> **TASK TO COMPLETE**: What you should repeat is the run of lines from the top of the listing below through the line with "A la espera", exactly, with no pictures.
──────── EXERCISE INPUTS ────────
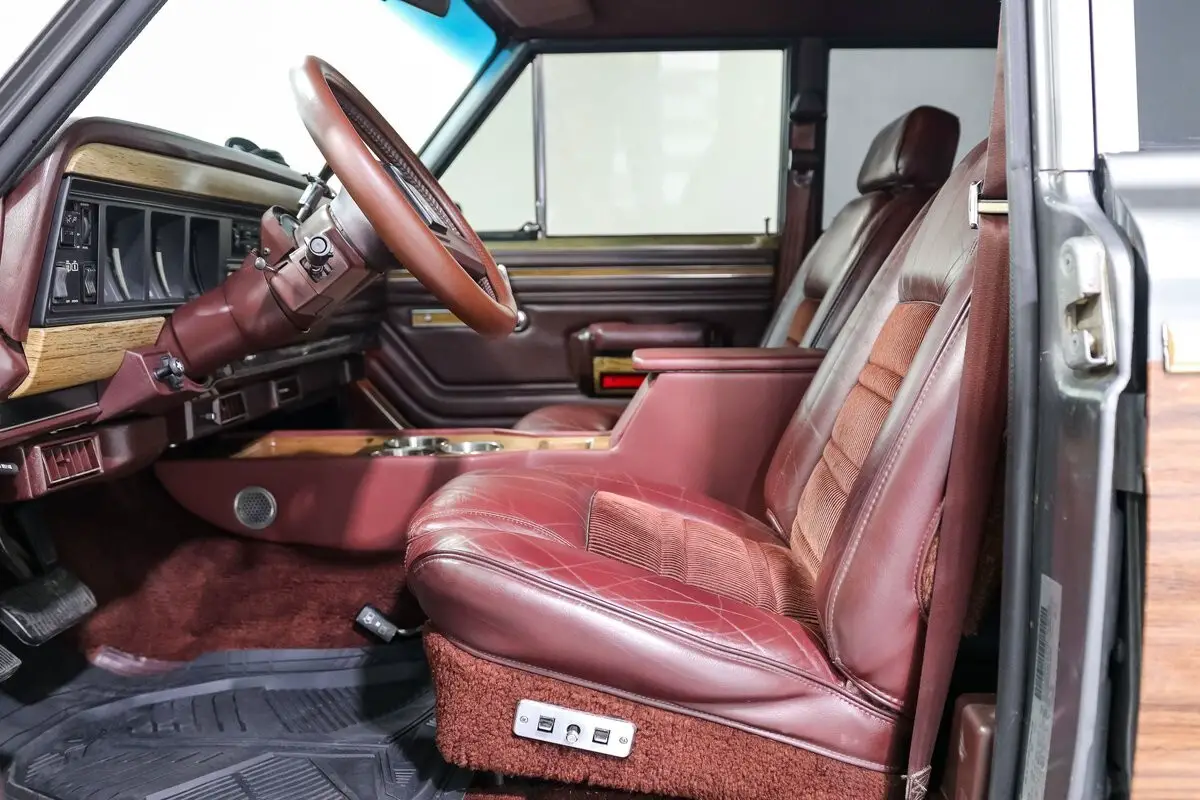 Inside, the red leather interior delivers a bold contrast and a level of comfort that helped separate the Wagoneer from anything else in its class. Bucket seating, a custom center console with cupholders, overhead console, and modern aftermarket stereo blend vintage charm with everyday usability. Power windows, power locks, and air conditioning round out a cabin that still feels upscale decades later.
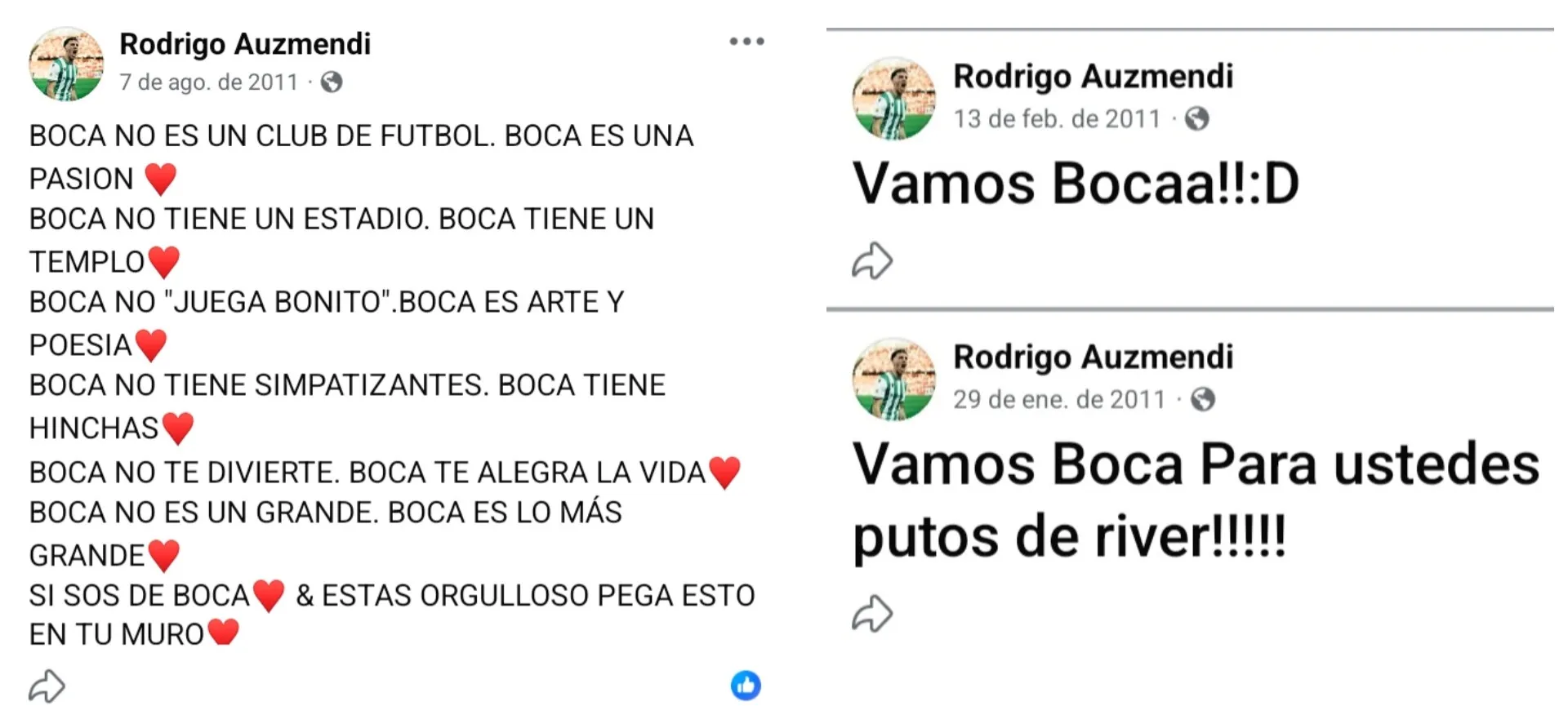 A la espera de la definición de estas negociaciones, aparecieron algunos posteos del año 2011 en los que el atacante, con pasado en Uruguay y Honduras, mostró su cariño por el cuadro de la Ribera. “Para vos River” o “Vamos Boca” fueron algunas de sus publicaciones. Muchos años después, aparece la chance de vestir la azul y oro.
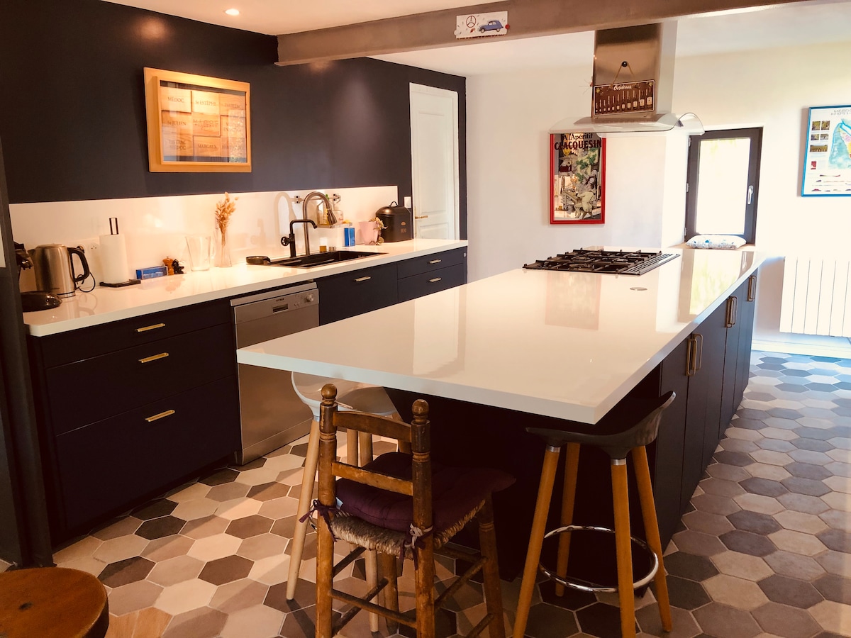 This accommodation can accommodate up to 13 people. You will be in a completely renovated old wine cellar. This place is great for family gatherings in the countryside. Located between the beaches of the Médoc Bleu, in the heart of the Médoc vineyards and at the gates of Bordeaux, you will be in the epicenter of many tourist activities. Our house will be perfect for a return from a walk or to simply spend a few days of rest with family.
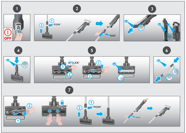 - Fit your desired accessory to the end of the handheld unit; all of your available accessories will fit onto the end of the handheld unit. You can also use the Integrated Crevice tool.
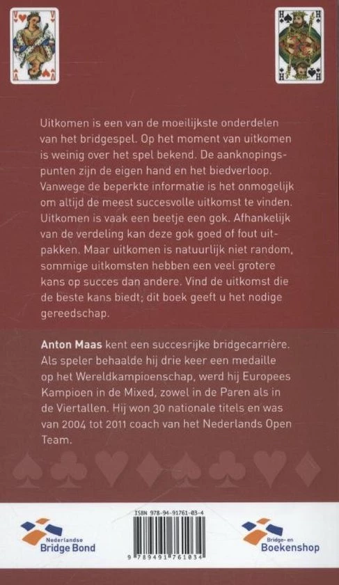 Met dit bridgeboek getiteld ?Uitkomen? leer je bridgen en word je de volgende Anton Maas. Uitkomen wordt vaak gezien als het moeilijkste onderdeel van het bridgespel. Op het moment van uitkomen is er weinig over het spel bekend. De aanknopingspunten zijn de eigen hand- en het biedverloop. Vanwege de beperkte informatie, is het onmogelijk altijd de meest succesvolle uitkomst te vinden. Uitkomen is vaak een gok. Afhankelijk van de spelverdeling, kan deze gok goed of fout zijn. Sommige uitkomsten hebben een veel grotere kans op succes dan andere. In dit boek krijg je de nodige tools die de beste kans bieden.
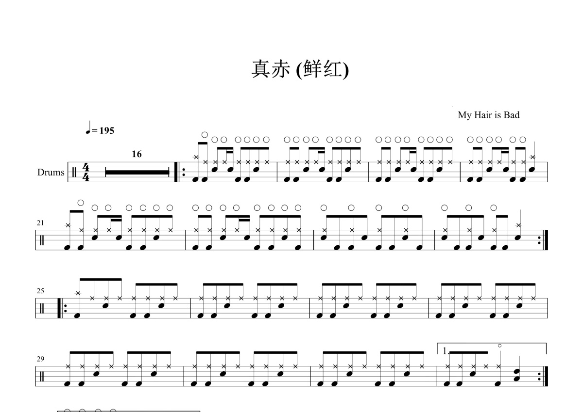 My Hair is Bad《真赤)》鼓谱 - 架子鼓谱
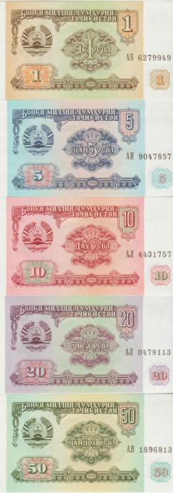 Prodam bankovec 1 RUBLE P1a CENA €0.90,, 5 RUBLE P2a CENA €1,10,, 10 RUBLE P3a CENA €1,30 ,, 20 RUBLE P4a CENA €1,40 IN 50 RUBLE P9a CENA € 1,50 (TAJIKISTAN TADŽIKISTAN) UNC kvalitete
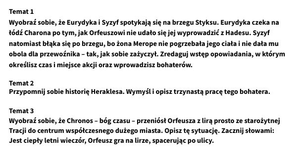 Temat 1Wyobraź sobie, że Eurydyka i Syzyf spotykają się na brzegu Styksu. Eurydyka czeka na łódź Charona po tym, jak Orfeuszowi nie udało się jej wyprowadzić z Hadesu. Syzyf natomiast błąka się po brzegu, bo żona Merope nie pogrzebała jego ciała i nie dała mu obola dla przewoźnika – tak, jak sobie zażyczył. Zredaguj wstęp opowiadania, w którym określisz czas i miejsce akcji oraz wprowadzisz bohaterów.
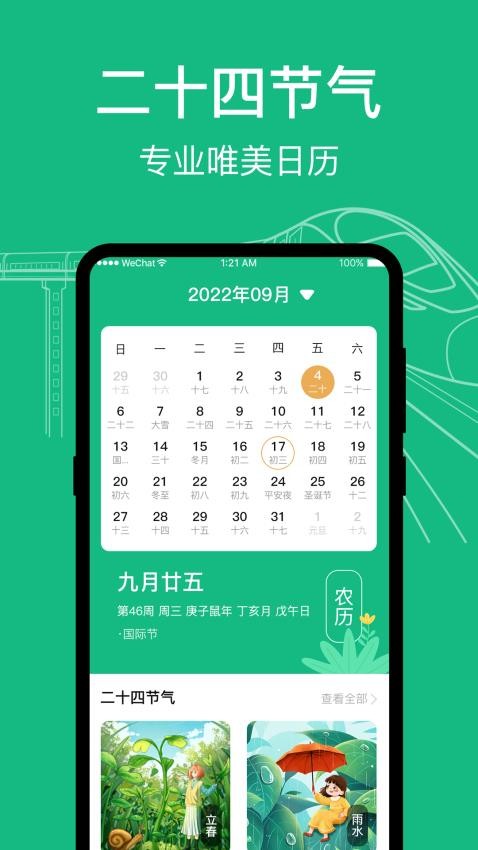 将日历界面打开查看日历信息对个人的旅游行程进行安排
────────
> **EXPECTED OUTPUT**:
 Inside, the red leather interior delivers a bold contrast and a level of comfort that helped separate the Wagoneer from anything else in its class. Bucket seating, a custom center console with cupholders, overhead console, and modern aftermarket stereo blend vintage charm with everyday usability. Power windows, power locks, and air conditioning round out a cabin that still feels upscale decades later.
 A la espera de la definición de estas negociaciones, aparecieron algunos posteos del año 2011 en los que el atacante, con pasado en Uruguay y Honduras, mostró su cariño por el cuadro de la Ribera. “Para vos River” o “Vamos Boca” fueron algunas de sus publicaciones. Muchos años después, aparece la chance de vestir la azul y oro.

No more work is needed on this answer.